Your task is to write out every line of the data exactly. Drop the pictures.

▶ **SUPPLIED MATERIAL**:
+++
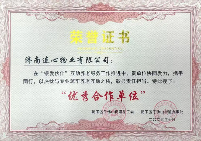 此次獲評“優(yōu)秀合作單位”是對濟(jì)南連心物業(yè)社會責(zé)任擔(dān)當(dāng)與務(wù)實(shí)精神的高度認(rèn)可。作為“銀發(fā)伙伴”項目的重要參與力量,連心物業(yè)充分發(fā)揮服務(wù)專業(yè)的優(yōu)勢,積極整合資源、搭建互助平臺、組織為老活動,切實(shí)筑牢社區(qū)養(yǎng)老互助橋梁,助力該模式持續(xù)走深走實(shí),推動養(yǎng)老事業(yè)與產(chǎn)業(yè)協(xié)同發(fā)展。
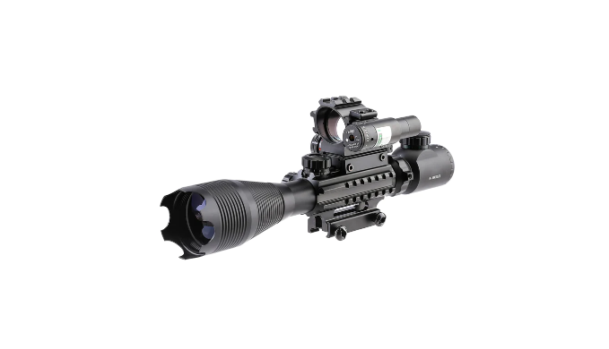 Four in one 4-16x50EG riflescope system provides incredibly good value. Our premium riflescope features unsurpassed light transmission, uncompromising mechanical performance, and unbeatable optical clarity. The matching green laser sight helps you to aim better and the red/green dot sight equips you with better vision even in the darkest environment. Magnification is from 4 times up to 16 times. Green and red illuminations with 5 brightness adjustments for the riflescope guarantee clear visions; 4 reticle patterns for you to choose from for the red/green dot sight along with unlimited brightness control. The 45-degree offset angle rail mount makes it easy for you to attach other attachments to it. Waterproof and fog proof, it also comes with lens covers. Take our riflescope with you on your next hunting trip!
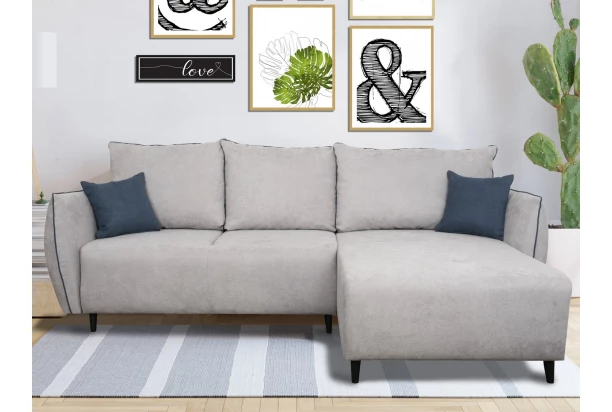 Stylová rohová sedací souprava v polštářové optice nabízí komfortní měkké sezení, které si snadno oblíbíte. Ideálními rozměry pasuje do každého prostoru a navíc umožňuje umístit otoman univerzálně na pravou nebo levou stranu. Světle šedé látkové čalounění doplňuje kontrastně modré lemování a polštářky. Včetně úložného prostoru a rozkládací funkce.
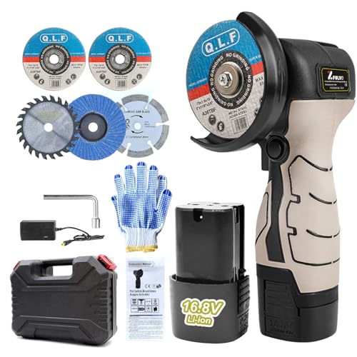 {"about_product": ["【Cordless Use/High Capacity Battery】Cordless angle grinder runs on 16.8V lithium battery, cordless design eliminates the hassle of tangled cables, easy to carry, can be used indoors and outdoors.2000mAh high-capacity rechargeable lithium-ion battery and a fast charger keep the angle grinder working stably for a long time.Warm tips: Angle grinder upgraded new self-locking switch, no need to use a screwdriver to fix the saw blade", "【Powerful/High Speed】 Newly designed electric power angle grinders uses a brushed motor, 19500rpm high speed metal grinder and 2000mAh lithium battery can continuously provide strong and stable, power grinders to help you efficiently and stably complete the material removal speed, saving your time and energy", "【Comfortable Handholding / Reasonable Design】The angle battery grinder comes with a handheld rubberized handle and non-slip texture, mini angle grinder bringing you a better using experience. Humanized design spindle lock is easy to change the grinding disk. Side toggle switch design, side automatic locking start switch, small angle grinder ergonomic handle design, easy to grip and use, one hand operation", "【Sturdy/Anti-Splash】 16.8V battery powered grinder has a brushed motor design and is powered by lithium batteries, so you can charge it anytime, anywhere. The ventilation holes in the shell can better dissipate heat during work and prevent the machine from overheating. The thickened baffle plate can avoid workpiece debris splashing into the machine and causing machine damage, effectively extending the life of the machine. Weighing only 1100g, it can be used by men/women with one hand", "【Package Contents/Application Wide】Grinder tool cordless package includes:1xCordless Angle Grinder;6xCutting Wheels;1xCharger; 2xBattery,2xWrench and glove. Handheld angle grinder hold can be used for grinding, cutting, sanding and polishing processing of various materials, such as metal, tile, concrete or other solid materials.Small angle grinder can also be used for home improvement, such as cutting and polishing tiles, wood, stone, steel, pipes, conduits, etc"], "product_description": null, "product_information": {"UPC": "784104449209", "ASIN": "B0CQK7SPHT", "Brand": "ZFULVO", "Color": "Grey", "Style": "mini angle grinder", "Voltage": "16.8", "Wattage": "550 watts", "Material": "Plastic,Rubber,Steel", "Item Weight": "3.63 pounds", "Part Number": "MINI-JIMOJI", "Manufacturer": "ZFULVO", "Power Source": "Battery Powered", "Wheel Diameter": "76 Millimeters", "Best Sellers Rank": "#7,370 in Tools & Home Improvement (See Top 100 in Tools & Home Improvement) #6 in Power Angle Grinders", "Item model number": "MINI-JIMO01", "Product Dimensions": "7.87\"L x 3.14\"W x 1.96\"H", "Batteries Included?": "No", "Batteries Required?": "No", "Included Components": "1 angle grinder ,1 pair of gloves ,1 wrench ,1 instruction manual, 2 metal cutting blades, 1 grinding metal piece ,1 stone cutting blade, 1 wood cutting blade ,1 sanding sheet", "Date First Available": "October 19, 2023", "Maximum Rotational Speed": "19500 RPM"}, "product_details": {"Brand": "ZFULVO", "Style": "mini angle grinder", "Material": "Plastic,Rubber,Steel", "Power Source": "Battery Powered", "Product Dimensions": "7.87"L x 3.14"W x 1.96"H"}}
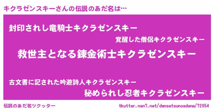 | ヒーロー風カッコイイあだ名 | 『慈愛の使者キクラゼンスキー』 |
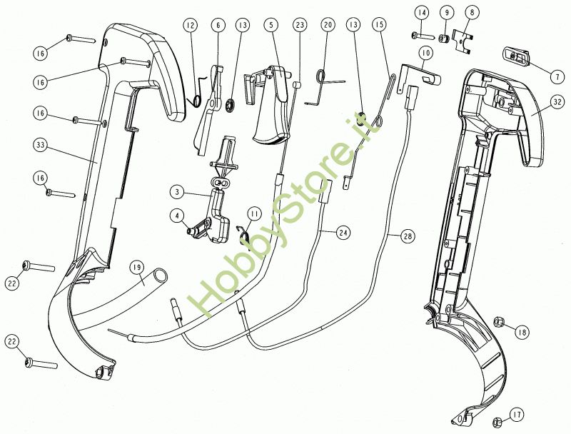 Ricambio 33 Semiguscio DX per impugnatura Ø85 cpl Impugnatura comandi soffiat. dal 17/06/2012BL6S della marca CIFARELLI Contiene anche i ricambi 6, 12, 13, 33
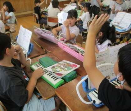 3年生は、音楽科で鍵盤ハーモニカを使って、指くぐり・指またぎの練習をしました。少し難しい指遣いですが、繰り返し練習したり、友だちと見合ったりすることで少しずつできるようになってきました!
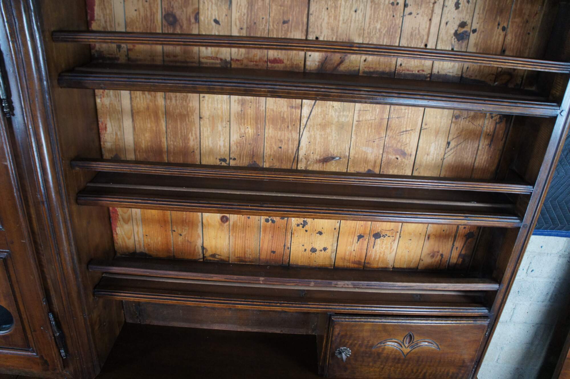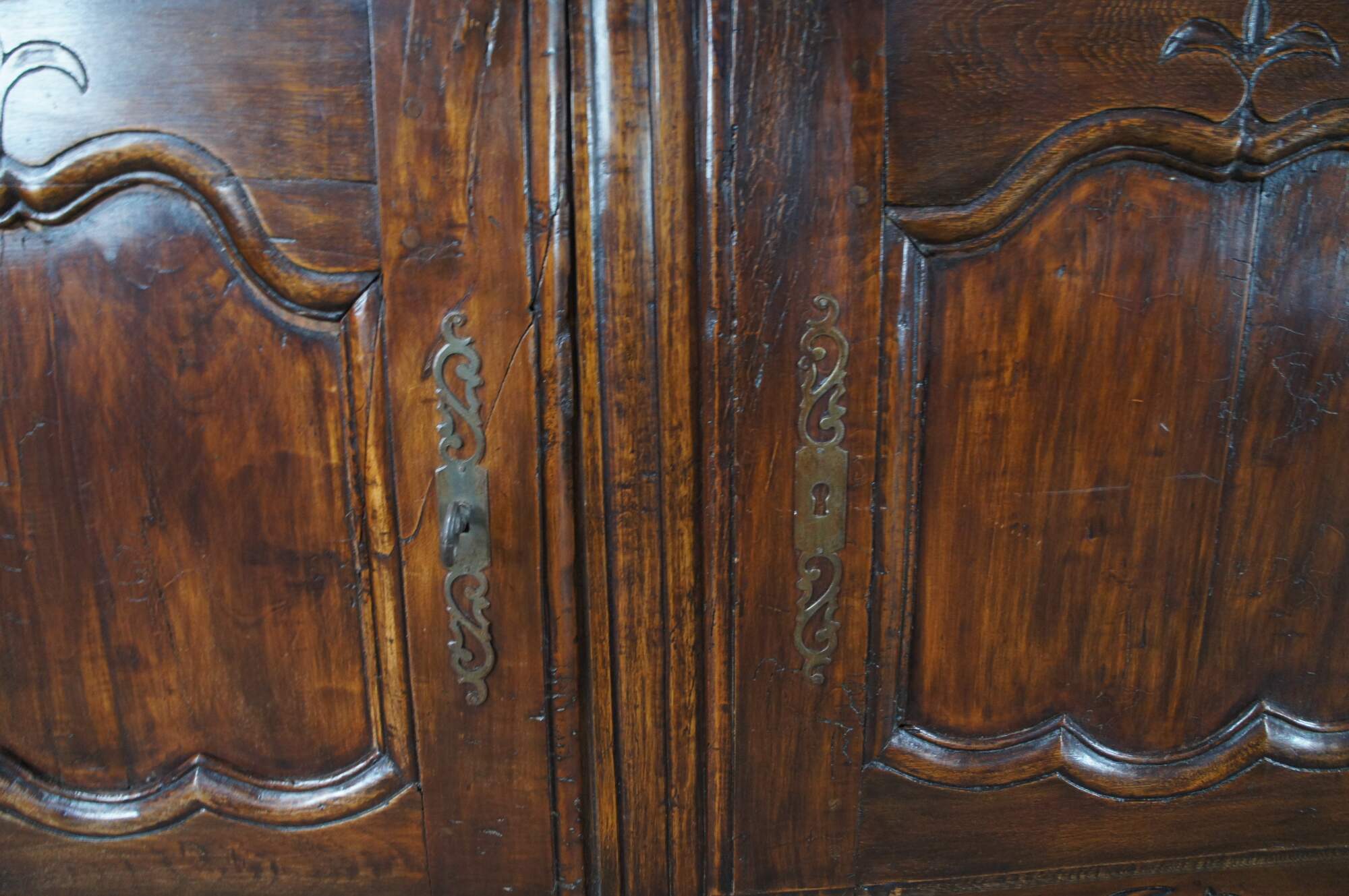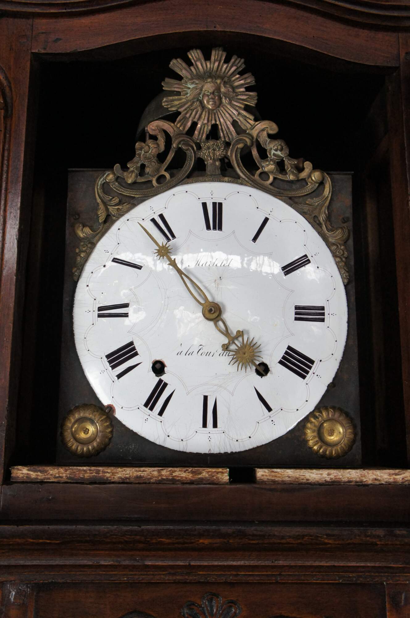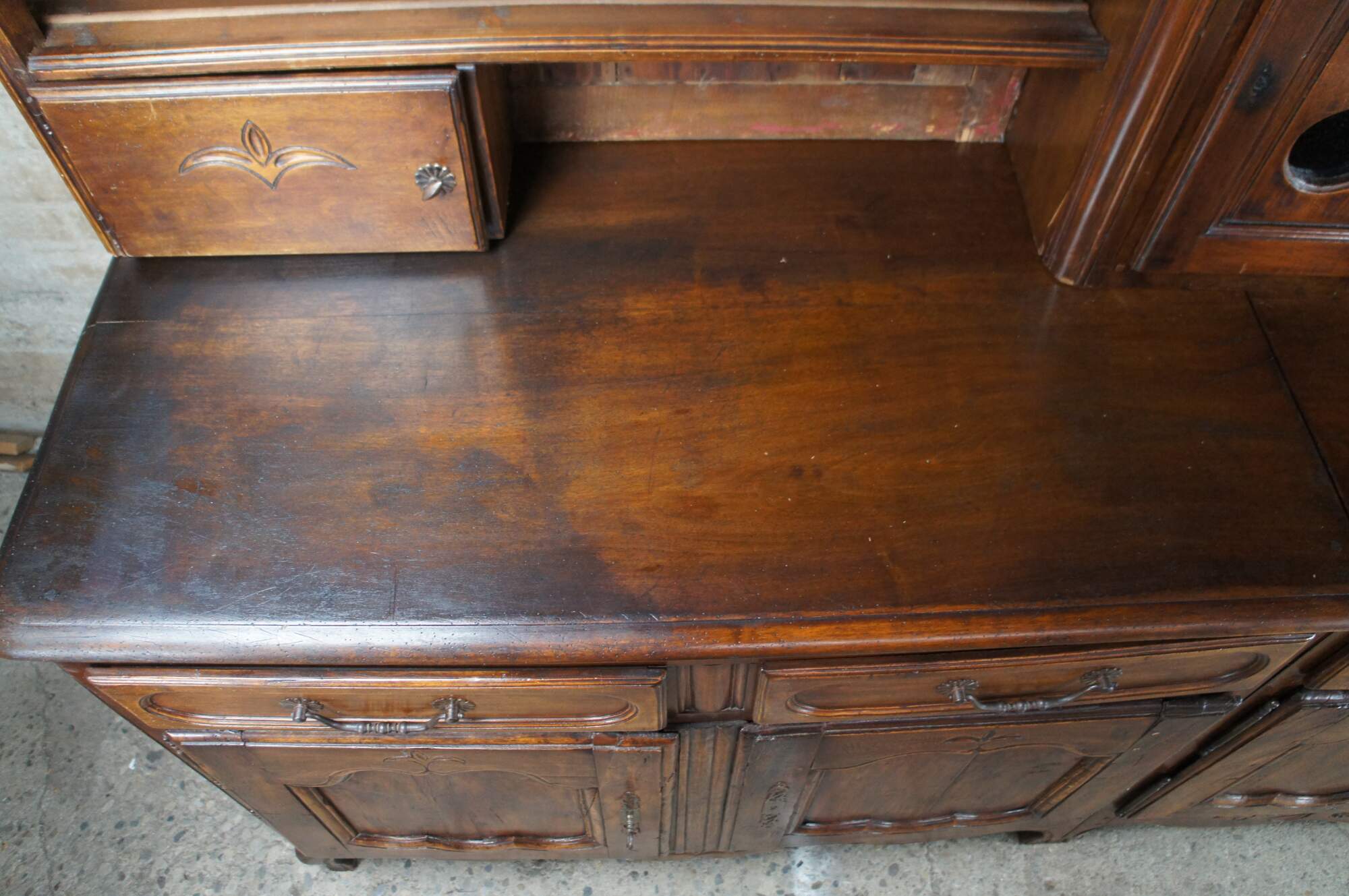 Antique late 18th century Country French buffet / hutch / vaisselier with Horloge (clock). Made of oak featuring French country / provincial styling with carved flowers / florals and fleur de list accents. A serpentin China plate rack divided by inset Grandfather style clock with brass and enameled design is supported by lower buffet with multiple drawers and cabinets. Attributed to the Bressan region of Southern France.
+++
▶ **REPLY**:
 此次獲評“優(yōu)秀合作單位”是對濟(jì)南連心物業(yè)社會責(zé)任擔(dān)當(dāng)與務(wù)實(shí)精神的高度認(rèn)可。作為“銀發(fā)伙伴”項目的重要參與力量,連心物業(yè)充分發(fā)揮服務(wù)專業(yè)的優(yōu)勢,積極整合資源、搭建互助平臺、組織為老活動,切實(shí)筑牢社區(qū)養(yǎng)老互助橋梁,助力該模式持續(xù)走深走實(shí),推動養(yǎng)老事業(yè)與產(chǎn)業(yè)協(xié)同發(fā)展。
 Four in one 4-16x50EG riflescope system provides incredibly good value. Our premium riflescope features unsurpassed light transmission, uncompromising mechanical performance, and unbeatable optical clarity. The matching green laser sight helps you to aim better and the red/green dot sight equips you with better vision even in the darkest environment. Magnification is from 4 times up to 16 times. Green and red illuminations with 5 brightness adjustments for the riflescope guarantee clear visions; 4 reticle patterns for you to choose from for the red/green dot sight along with unlimited brightness control. The 45-degree offset angle rail mount makes it easy for you to attach other attachments to it. Waterproof and fog proof, it also comes with lens covers. Take our riflescope with you on your next hunting trip!
 Stylová rohová sedací souprava v polštářové optice nabízí komfortní měkké sezení, které si snadno oblíbíte. Ideálními rozměry pasuje do každého prostoru a navíc umožňuje umístit otoman univerzálně na pravou nebo levou stranu. Světle šedé látkové čalounění doplňuje kontrastně modré lemování a polštářky. Včetně úložného prostoru a rozkládací funkce.
 {"about_product": ["【Cordless Use/High Capacity Battery】Cordless angle grinder runs on 16.8V lithium battery, cordless design eliminates the hassle of tangled cables, easy to carry, can be used indoors and outdoors.2000mAh high-capacity rechargeable lithium-ion battery and a fast charger keep the angle grinder working stably for a long time.Warm tips: Angle grinder upgraded new self-locking switch, no need to use a screwdriver to fix the saw blade", "【Powerful/High Speed】 Newly designed electric power angle grinders uses a brushed motor, 19500rpm high speed metal grinder and 2000mAh lithium battery can continuously provide strong and stable, power grinders to help you efficiently and stably complete the material removal speed, saving your time and energy", "【Comfortable Handholding / Reasonable Design】The angle battery grinder comes with a handheld rubberized handle and non-slip texture, mini angle grinder bringing you a better using experience. Humanized design spindle lock is easy to change the grinding disk. Side toggle switch design, side automatic locking start switch, small angle grinder ergonomic handle design, easy to grip and use, one hand operation", "【Sturdy/Anti-Splash】 16.8V battery powered grinder has a brushed motor design and is powered by lithium batteries, so you can charge it anytime, anywhere. The ventilation holes in the shell can better dissipate heat during work and prevent the machine from overheating. The thickened baffle plate can avoid workpiece debris splashing into the machine and causing machine damage, effectively extending the life of the machine. Weighing only 1100g, it can be used by men/women with one hand", "【Package Contents/Application Wide】Grinder tool cordless package includes:1xCordless Angle Grinder;6xCutting Wheels;1xCharger; 2xBattery,2xWrench and glove. Handheld angle grinder hold can be used for grinding, cutting, sanding and polishing processing of various materials, such as metal, tile, concrete or other solid materials.Small angle grinder can also be used for home improvement, such as cutting and polishing tiles, wood, stone, steel, pipes, conduits, etc"], "product_description": null, "product_information": {"UPC": "784104449209", "ASIN": "B0CQK7SPHT", "Brand": "ZFULVO", "Color": "Grey", "Style": "mini angle grinder", "Voltage": "16.8", "Wattage": "550 watts", "Material": "Plastic,Rubber,Steel", "Item Weight": "3.63 pounds", "Part Number": "MINI-JIMOJI", "Manufacturer": "ZFULVO", "Power Source": "Battery Powered", "Wheel Diameter": "76 Millimeters", "Best Sellers Rank": "#7,370 in Tools & Home Improvement (See Top 100 in Tools & Home Improvement) #6 in Power Angle Grinders", "Item model number": "MINI-JIMO01", "Product Dimensions": "7.87\"L x 3.14\"W x 1.96\"H", "Batteries Included?": "No", "Batteries Required?": "No", "Included Components": "1 angle grinder ,1 pair of gloves ,1 wrench ,1 instruction manual, 2 metal cutting blades, 1 grinding metal piece ,1 stone cutting blade, 1 wood cutting blade ,1 sanding sheet", "Date First Available": "October 19, 2023", "Maximum Rotational Speed": "19500 RPM"}, "product_details": {"Brand": "ZFULVO", "Style": "mini angle grinder", "Material": "Plastic,Rubber,Steel", "Power Source": "Battery Powered", "Product Dimensions": "7.87"L x 3.14"W x 1.96"H"}}
 | ヒーロー風カッコイイあだ名 | 『慈愛の使者キクラゼンスキー』 |
 Ricambio 33 Semiguscio DX per impugnatura Ø85 cpl Impugnatura comandi soffiat. dal 17/06/2012BL6S della marca CIFARELLI Contiene anche i ricambi 6, 12, 13, 33
 3年生は、音楽科で鍵盤ハーモニカを使って、指くぐり・指またぎの練習をしました。少し難しい指遣いですが、繰り返し練習したり、友だちと見合ったりすることで少しずつできるようになってきました!
 Antique late 18th century Country French buffet / hutch / vaisselier with Horloge (clock). Made of oak featuring French country / provincial styling with carved flowers / florals and fleur de list accents. A serpentin China plate rack divided by inset Grandfather style clock with brass and enameled design is supported by lower buffet with multiple drawers and cabinets. Attributed to the Bressan region of Southern France.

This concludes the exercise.